The shit guide to training with optimized dreambooth stable diffusion

Let it be known that this guide is shit, I'm not claiming it isn't shit, and you'll likely say it shit. If it helps you great!

Are you trying to train a finetune model on a 3090ti in 24gig of VRAM? You're in the right place!
If you are revisiting this guide please pull changes from the Gammagec's repo (it runs a lot faster now) BUT is broken on linux (allocates too much VRAM), It turns out this happens on windows as well, it is related to an older version of pytorch being in the environment.yaml change the lines in environment.yaml to contain

pytorch=1.10.2
torchvision=0.11.3

You can also now use ShivamShrirao's dreambooth repo and convert to ckpt now, repo at the bottom but this guide does not cover that

Table of Contents

Intro

This is the repo we are working with, above all, if you are confused by this guide, you should read the documentation on the repos page and the dreambooth paper.
[1] https://github.com/gammagec/Dreambooth-SD-optimized
[2] https://dreambooth.github.io/

Main Guide

  1. Choose a starting model (Waifu Diffusion 1-2 was mine, but any stable model should do, you should choose one that leans towards the type of content you want to make)
  2. Curate a training dataset => Collect 5 - 20 images (more can be fine, but this should work) of your subject, (this is all automatable but this is the "lazy" didn't automate way)
    • notes on curation tools <here>
    • use an image editor to crop, or Arena's SD Tagging Helper get the part of the image that matters to you the goal here is to maintain an aspect ratio in your crop that can be resized to 512x512 cleanly (so 1024x1024 would be a valid choice, or 768x768) just keep an aspect ratio of 1:1
    • use imagemagick to crop and resize those images using imagemagick https://imagemagick.org/archive/binaries/ImageMagick-7.1.0-49-Q16-HDRI-x64-dll.exe with the command you'll either need to add magick.exe to your windows path or use the filepath or start from this folder. imagemagick has options for pad and other types of resizing, check the docs if you want to know more.
      raw resize
      mogrify -resize 512x512 pathToFolder/*.png
      
      NEW The preferred method as of right now is to find images that can be easily padded on the sides, an image with a white background will work best with the command below.
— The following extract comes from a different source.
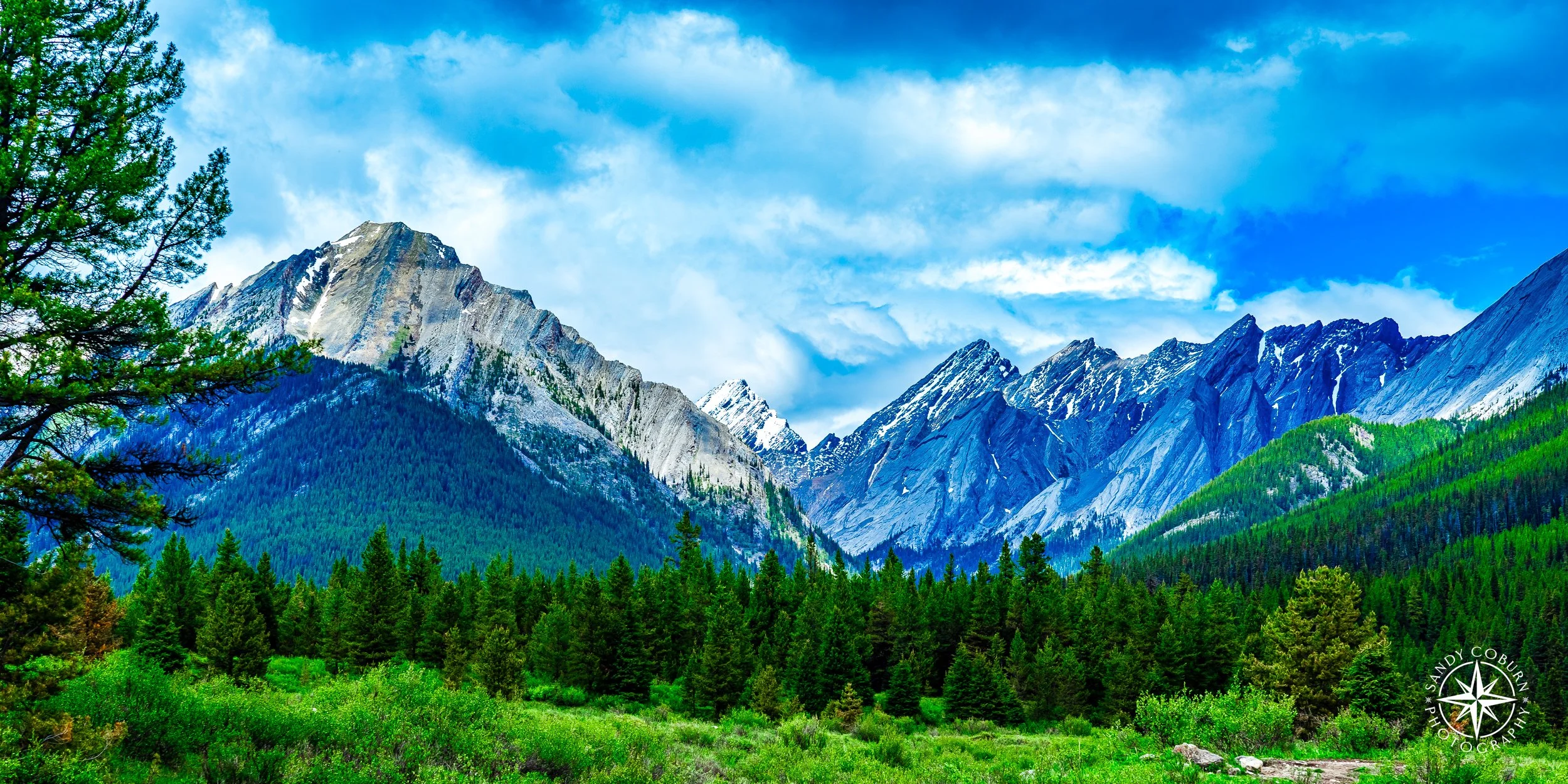 In June, as Banff begins to thaw, the meadow hums with green life while the mountains still wear their winter crowns. Here, snow and sun meet in a fleeting balance—emerald growth rising beneath sky-piercing peaks.

Change white to another color if your image backgrounds are different
      .\magick.exe mogrify -resize 512x512 -background white -extent 512x512 -gravity center pathToFolder/*.png
  3. Clone the repo https://github.com/gammagec/Dreambooth-SD-optimized
  • If you haven't set up a conda environment.
    • Install miniconda https://docs.conda.io/en/latest/miniconda.html
      * Navigate to your the optimized repo you just cloned and edit the file environment.yaml
      * replace ldm on line one to ldm (so you don't have conflicting environments with your generating setup)
      • this was causing problems because there are some hardcoded ldm values
    • open an anaconda prompt
      • navigate to your dreambooth-SD-Optimized directory and run
        conda env create -f environment.yaml
    • run conda activate ldm
  1. In the repo go to the file Dreambooth-SD-optimized\ldm\data\personalized.py and change the training_template_smallest to your identifier of your subject, this will be the keyword you use when you want to have stable diffusion give you your character. You can simply replace sks in the sentence a photo of a sks with your character, something like a photo of doomguy or you can take more liberty and do a buff space marine doomguy.
  2. In Dreambooth-SD-optimized\ldm\data\personalized.py change the line reg_templates_smallest to the part before your subject, in this case buff space marine or a photo of
  3. In /configs/stable-diffusion/v1-finetune_unfrozen.yaml set under the key trainer: set max_steps to 3000 (you can choose whatever you want, but 3000 seems to be good from my testing and things I've seen others say). This should be at the bottom of the file.
  4. Generate regularization images using your class token. ideally a unique description of your character, from the docs:
    python scripts/stable_txt2img.py --ddim_eta 0.0 --n_samples 1 --n_iter 150 --scale 10.0 --ddim_steps 50  --ckpt /path/to/original/stable-diffusion/sd-v1-4-full-ema.ckpt --prompt "a photo of a <class>" 
    
  • In our case we can do a buff space marine or a photo of a buff space marine
  • The goal of this step is to give the SD an idea of what class we are attaching to when we do the injection of our concept/keyword.
  1. from the docs:
    python main.py --base configs/stable-diffusion/v1-finetune_unfrozen.yaml -t --actual_resume /path/to/original/stable-diffusion/sd-v1-4-full-ema.ckpt -n <job name> --gpus 0, --data_root /root/to/training/images --reg_data_root /root/to/regularization/images --class_word <xxx>
    
  • Substitute all things in <> with the word necessary, and do not include the <>.
  • Be sure to point /path/to/original/stable-diffusion/sd-v1-4-full-ema.ckpt to your stable diffusion ckpt whichever model you are using as the base of training, this model will not be modified, new ckpt files will be made.
  • Replace <job name> with a name you'd like the job to have. In the case of this guide, we are making doomguy. So doomguy is the job name.
  • Put your class word in place of <xxx> in this case a_buff_space_marine was the one I used.
  • Replace /root/to/training/images with the path to your training images
  • Replace /root/to/regularization/images with the path to your regularization images

    Run this, and it should work if you are having problems, see the common errors at the bottom of this page.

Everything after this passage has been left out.